Schedule 23 - Corporation tax relief for employee share acquisition

Part of Finance Bill – in a Public Bill Committee at 3:45 pm on 12 June 2003.

Alert me about debates like this

Photo of Dawn Primarolo Dawn Primarolo Paymaster General (HM Treasury) 3:45, 12 June 2003

Good afternoon, Mr. McWilliam; it is nice to see you back.

If amendment No. 237 is pressed to a vote, I shall ask my hon. Friends to resist it. When the amendment was tabled, I was a little unclear on its purpose in this part of the Bill. The amendment would make a statutory link between the new corporation tax relief and the rules that apply to cross-border transactions between connected companies. The intended purpose of the amendment was not entirely clear, although the hon. Gentleman has spoken to it. It does not appear to change how an employing company obtains relief under schedule 23, but it does seem to result in double taxation, not double relief, in certain cases, which is clearly contrary to the policy intention of schedule 23. I do not think that companies would be enamoured with that prospect.

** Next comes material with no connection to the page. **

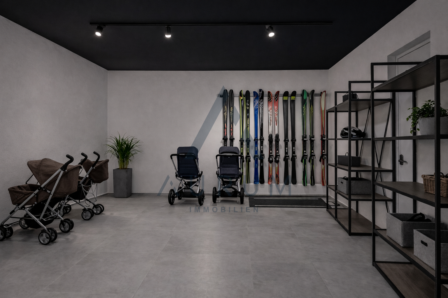 Die hochwertige Ausstattung umfasst Eichenparkett in Landhausdielenoptik, Fußbodenheizung, großformatige Fliesen in Bad und WC, elektrische Raffstores sowie große Fensterflächen für helle, freundliche Räume. Ergänzt wird das Angebot durch eine Tiefgarage, Fahrrad- und Skiräume sowie praktische Nebenflächen.

Perhaps an example would illustrate that problem. A UK employing company might provide workers to its overseas affiliate and charge for that service. To conform to the UK transfer pricing laws, that charge should be at an arm's length rate. The amendment would require the service company to charge any amount calculated by the rules in schedule 23 if relief is available in respect of shares acquired by those employees. That would result in the charge not conforming to the arm's length rate. The other tax authority would be within its rights not to allow the payer a full deduction for that amount, resulting in the same amount being taxed twice.